[Problem] Output the data below exactly, images excluded.

──────── Given information

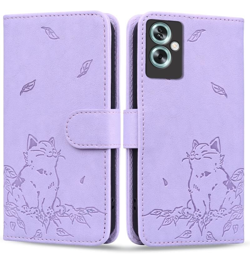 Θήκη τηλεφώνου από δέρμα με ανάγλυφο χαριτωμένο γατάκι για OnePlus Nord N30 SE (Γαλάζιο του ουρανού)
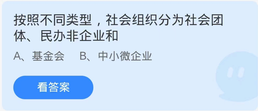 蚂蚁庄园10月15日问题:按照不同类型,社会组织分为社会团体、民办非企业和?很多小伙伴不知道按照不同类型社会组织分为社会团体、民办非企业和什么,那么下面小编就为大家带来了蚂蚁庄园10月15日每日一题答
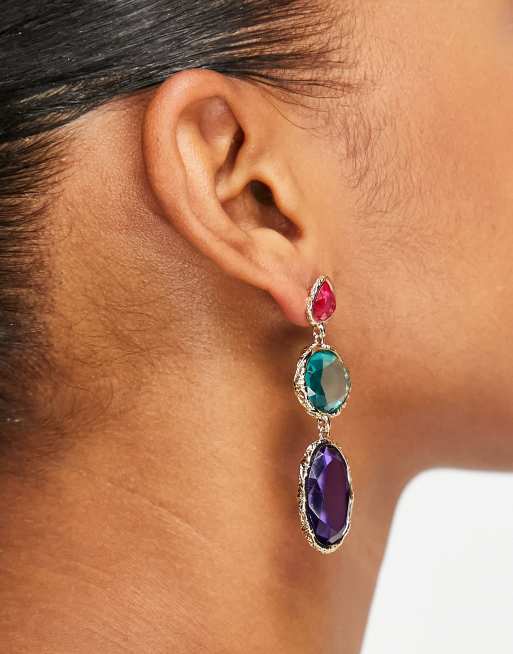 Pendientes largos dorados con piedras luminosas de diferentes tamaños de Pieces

────────────────

[Solved exercise]
 Θήκη τηλεφώνου από δέρμα με ανάγλυφο χαριτωμένο γατάκι για OnePlus Nord N30 SE (Γαλάζιο του ουρανού)
 蚂蚁庄园10月15日问题:按照不同类型,社会组织分为社会团体、民办非企业和?很多小伙伴不知道按照不同类型社会组织分为社会团体、民办非企业和什么,那么下面小编就为大家带来了蚂蚁庄园10月15日每日一题答
 Pendientes largos dorados con piedras luminosas de diferentes tamaños de Pieces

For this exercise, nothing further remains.